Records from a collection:
■ ■ ■
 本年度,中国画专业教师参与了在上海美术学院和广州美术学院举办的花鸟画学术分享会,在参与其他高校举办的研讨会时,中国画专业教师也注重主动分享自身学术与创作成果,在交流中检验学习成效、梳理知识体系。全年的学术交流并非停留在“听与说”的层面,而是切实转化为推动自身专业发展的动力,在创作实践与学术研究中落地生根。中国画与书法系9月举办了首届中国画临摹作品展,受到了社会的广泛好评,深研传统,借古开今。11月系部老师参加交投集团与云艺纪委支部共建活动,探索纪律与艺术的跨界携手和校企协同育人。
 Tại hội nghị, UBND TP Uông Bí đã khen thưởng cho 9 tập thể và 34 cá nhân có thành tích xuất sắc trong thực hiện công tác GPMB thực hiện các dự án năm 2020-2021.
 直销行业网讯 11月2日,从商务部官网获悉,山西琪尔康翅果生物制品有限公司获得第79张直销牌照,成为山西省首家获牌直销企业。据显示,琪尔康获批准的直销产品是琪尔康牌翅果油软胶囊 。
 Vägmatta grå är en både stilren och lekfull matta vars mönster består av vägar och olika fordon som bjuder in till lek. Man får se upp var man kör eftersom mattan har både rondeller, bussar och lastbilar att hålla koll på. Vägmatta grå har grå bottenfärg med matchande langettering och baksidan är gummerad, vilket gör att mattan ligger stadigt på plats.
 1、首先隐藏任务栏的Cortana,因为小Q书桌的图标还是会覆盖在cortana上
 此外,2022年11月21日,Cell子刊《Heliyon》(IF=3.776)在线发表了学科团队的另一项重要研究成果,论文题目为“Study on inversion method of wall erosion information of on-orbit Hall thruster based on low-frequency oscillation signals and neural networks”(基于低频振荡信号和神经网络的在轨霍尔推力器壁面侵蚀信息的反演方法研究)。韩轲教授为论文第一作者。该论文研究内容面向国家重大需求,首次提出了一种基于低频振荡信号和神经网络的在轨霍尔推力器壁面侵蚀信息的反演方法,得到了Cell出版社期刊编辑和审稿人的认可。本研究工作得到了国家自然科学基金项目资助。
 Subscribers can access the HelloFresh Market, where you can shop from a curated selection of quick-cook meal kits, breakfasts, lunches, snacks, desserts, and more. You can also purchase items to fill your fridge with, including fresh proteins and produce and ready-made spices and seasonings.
■ ■ ■
_EXERCISE DETAILS_:
Could you return exactly the lines above from the line with "1、首先隐藏任务栏的Cort" to the line with "on inversion method", both included, and nothing else?

_EXERCISE SOLUTION_:
 1、首先隐藏任务栏的Cortana,因为小Q书桌的图标还是会覆盖在cortana上
 此外,2022年11月21日,Cell子刊《Heliyon》(IF=3.776)在线发表了学科团队的另一项重要研究成果,论文题目为“Study on inversion method of wall erosion information of on-orbit Hall thruster based on low-frequency oscillation signals and neural networks”(基于低频振荡信号和神经网络的在轨霍尔推力器壁面侵蚀信息的反演方法研究)。韩轲教授为论文第一作者。该论文研究内容面向国家重大需求,首次提出了一种基于低频振荡信号和神经网络的在轨霍尔推力器壁面侵蚀信息的反演方法,得到了Cell出版社期刊编辑和审稿人的认可。本研究工作得到了国家自然科学基金项目资助。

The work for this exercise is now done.